Hacker hand stealing data from laptop showing threat of cyber espionage

85% of Cyber Espionage Is State-Affiliated, Only 4% Tied To Organized Crime

Verizon’s 2020 Cyber Espionage Report, the result of a total of 14 years of research into global data breaches and threat actor activity, has come up with some illuminating observations about long-term patterns of cyber spying. Among the major highlights are that criminal organizations and disgruntled former employees play a trivial role in overall attempts, that the public sector is the preferred target of attackers and that desktops and laptops are far more likely to be breached than phones.

Cyber espionage report provides some surprising answers

This is the first report of this nature from Verizon, and it draws on some of the telecom giant’s other annual reports: seven years of the Verizon Data Breach Investigations Report (DBIR), and fourteen years of research conducted by the Verizon Threat Research Advisory Center (VTRAC).

As the report points out, cyber espionage is a particularly pernicious attack category as threat actors focus on surreptitious access and staying embedded in the network for an extended period of time (sometimes years). It is also overwhelmingly the game of state-backed actors. Though there is some market for corporate secrets in the criminal underworld, the research shows that these figures make up a small amount of overall cyber espionage incidents: about 4% are from organized crime, and about 2% are from former employees. An overwhelming 85% come from state-affiliated groups, with an additional 8% from nation-states. Verizon draws the “state-affiliated” distinction here as hacking groups that are strongly suspected to be backed by national intelligence services but maintain some level of plausible deniability, versus attacks that can be directly traced to the government of a particular country.

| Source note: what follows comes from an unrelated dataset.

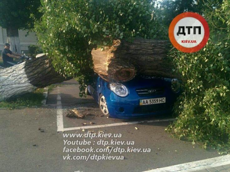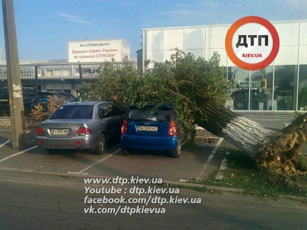 В Киеве старый тополь упал на припаркованные легковые автомобили KIA и Mitsubishi.
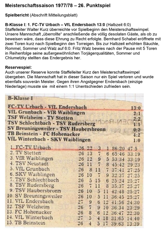 Meisterschaftssaison 1977 78 26. Punktspiel

From 2014 to 2020, cyber espionage was ranked as the sixth most frequent type of data breach. However, it is in a tight cluster with the #2 through #5 entries; only the leading cause (web applications) really stands out from the pack.

The choice of targets is not surprising: 31% are in the public sector (government agencies), 22% are in manufacturing and 11% are in the professional classes. Also unsurprising is that phishing and malware backdoors are overwhelmingly the most common point of entry. Only about 30% of all cyber espionage hacking attempts use stolen credentials as an initial point of entry, and only about 12% enter via brute force attacks. Bribery is a negligible threat at only 1%.

Cyber espionage attacks have also trended sharply upward in terms of time to discovery. It now most frequently takes years for this type of attack to be discovered – 39% of the time it takes years, 30% of the time it takes months, and 14% of the time it takes weeks. This is a particular problem with this attack category given that the time of compromise is measured in seconds to days, and the time of first exfiltration of data is in minutes to weeks.

And for all the worries about phone security lagging behind computers on secure company networks, cyber espionage overwhelmingly takes place on the world’s desktops and laptops (88%). Only 14% of the incidents involved a mobile phone, and 10% involved a web application.

The research shows that once threat actors have gained access to the network, the primary interest is in finding credentials to grant even more access to sensitive information. Naturally attackers are also heavily targeting company secrets once in the door, but not to quite as great of a degree. “Low and slow” seems to be the theme of most cyber espionage attacks, with the groups looking to slowly settle in and maintain broad access to the organization’s network for years at a time. The researchers characterized these types of attacks as presenting relatively little risk and costing little to maintain, but offering massive rewards over time.

Difficulty in detecting patterns of cyber espionage

The researchers concluded with a note that, in spite of over a decade of data, the numbers in the report might actually be an underrepresentation due to the particular difficulty in detecting patterns of cyber espionage. Much of the research relies on mandatory reporting triggered by data breach incidents, but some information rated as “secret” or “classified” may be exempt from these reporting requirements under a number of different laws.

Though espionage is still a major threat to the industries and sectors that are heavily targeted by it, 2019 was the first year in some time in which financial crimes topped spying as the leading reason for data breaches. The trend toward financial motives is widely expected to continue and accelerate given the coronavirus pandemic, which has created many new targets of opportunity for enterprising cyber criminals. However, phishing of employee accounts remains the most common point of entry for nearly every major type of cyber attack.